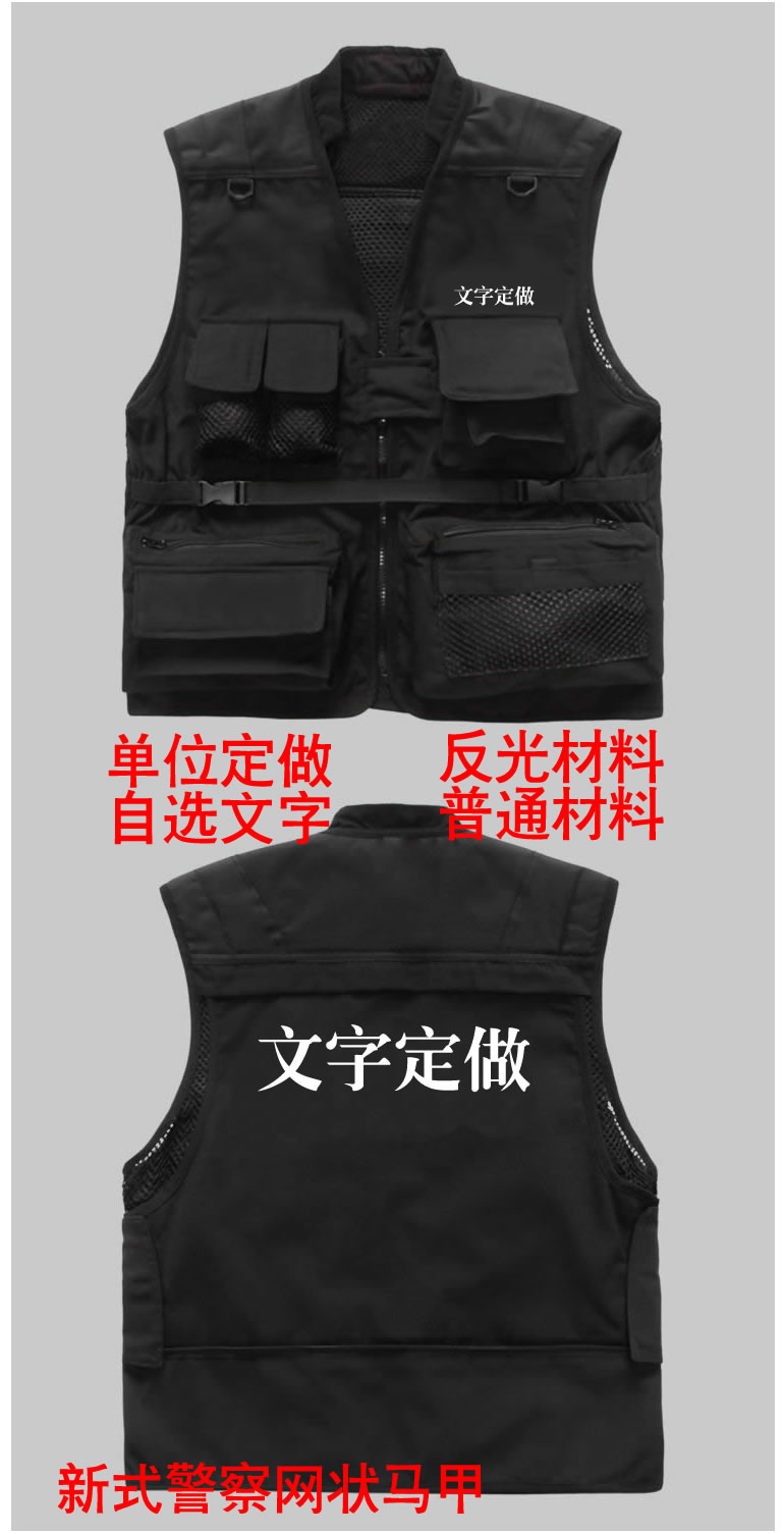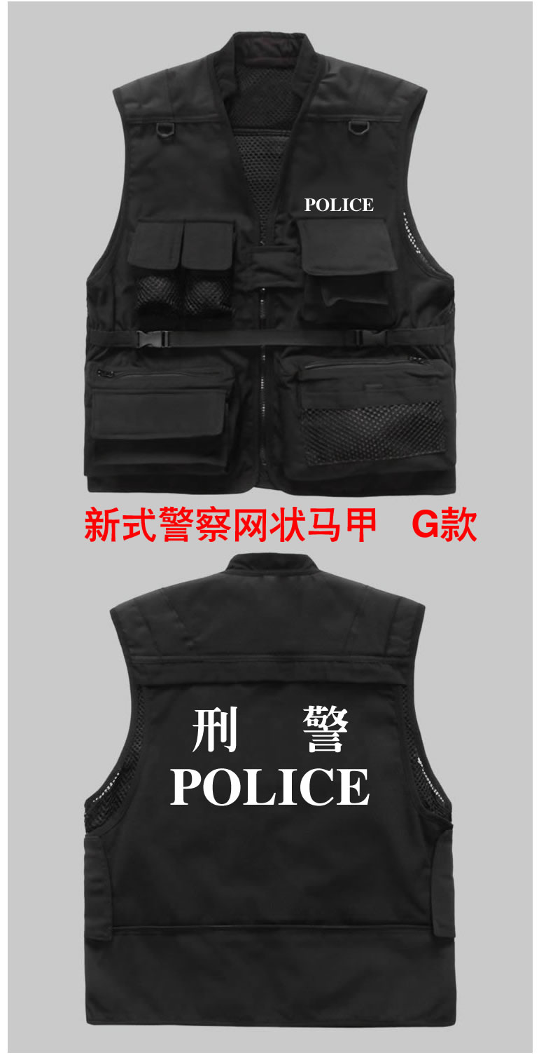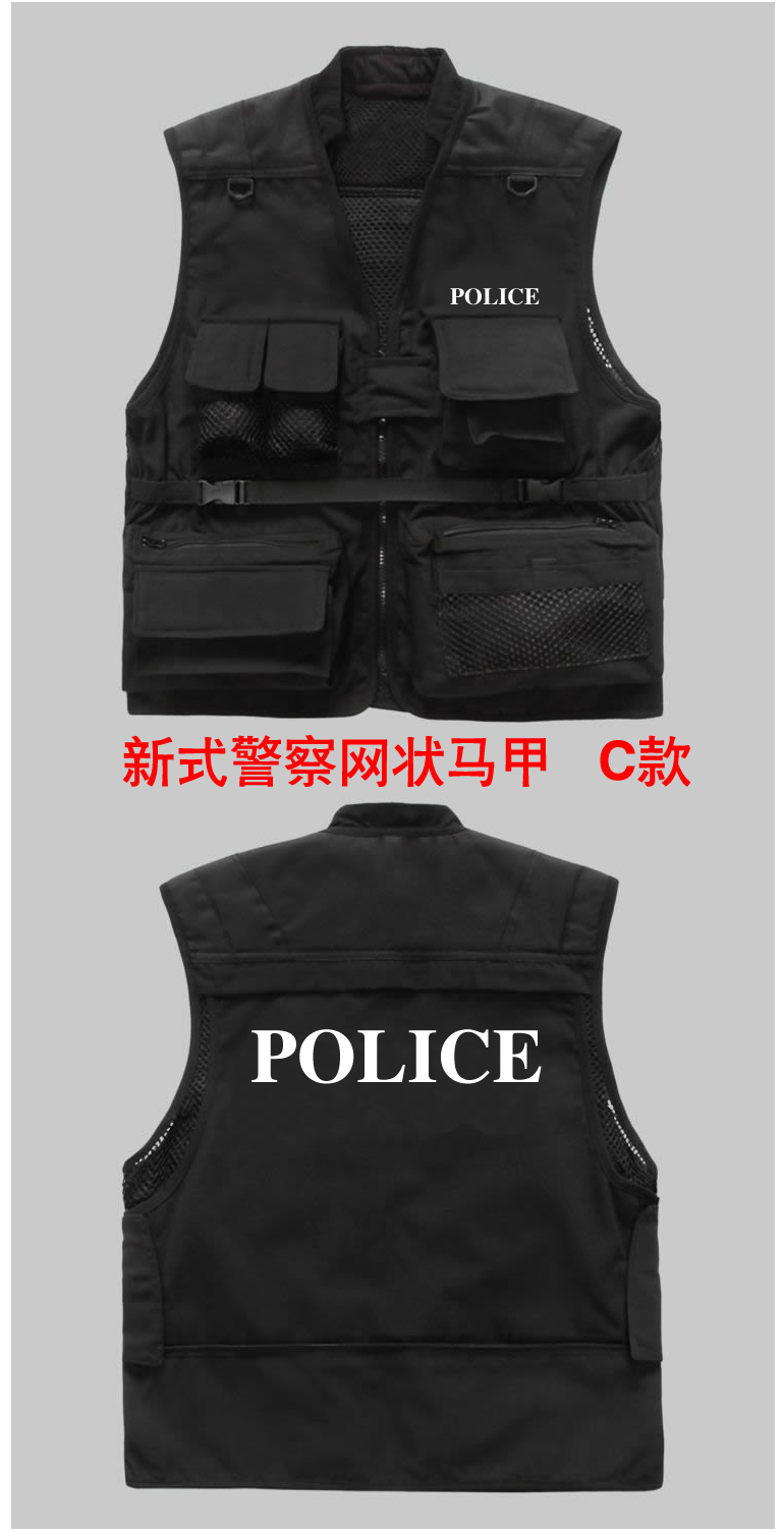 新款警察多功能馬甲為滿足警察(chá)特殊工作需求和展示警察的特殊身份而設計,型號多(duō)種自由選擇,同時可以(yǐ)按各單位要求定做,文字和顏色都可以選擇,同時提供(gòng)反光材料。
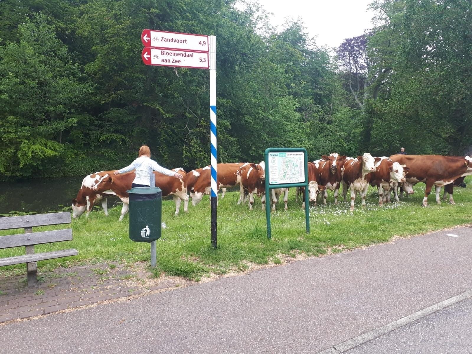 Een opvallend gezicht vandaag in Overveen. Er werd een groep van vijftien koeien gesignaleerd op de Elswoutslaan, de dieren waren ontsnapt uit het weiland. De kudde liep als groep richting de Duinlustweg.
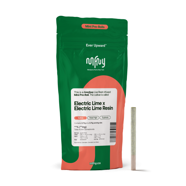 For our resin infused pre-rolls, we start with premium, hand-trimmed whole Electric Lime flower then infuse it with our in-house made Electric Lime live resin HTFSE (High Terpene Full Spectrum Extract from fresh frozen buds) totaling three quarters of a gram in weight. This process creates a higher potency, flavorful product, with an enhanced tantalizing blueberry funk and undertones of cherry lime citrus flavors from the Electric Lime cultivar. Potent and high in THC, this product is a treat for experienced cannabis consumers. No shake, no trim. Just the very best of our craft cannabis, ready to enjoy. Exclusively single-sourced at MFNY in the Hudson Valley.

WHAT NEEDS TO BE DONE: Nothing but the lines from the first line of the data above through the line holding "Een opvallend gezicht" may appear in the response, copied exactly and without pictures.

SOLUTION FOR THIS TASK:
 新款警察多功能馬甲為滿足警察(chá)特殊工作需求和展示警察的特殊身份而設計,型號多(duō)種自由選擇,同時可以(yǐ)按各單位要求定做,文字和顏色都可以選擇,同時提供(gòng)反光材料。
 Een opvallend gezicht vandaag in Overveen. Er werd een groep van vijftien koeien gesignaleerd op de Elswoutslaan, de dieren waren ontsnapt uit het weiland. De kudde liep als groep richting de Duinlustweg.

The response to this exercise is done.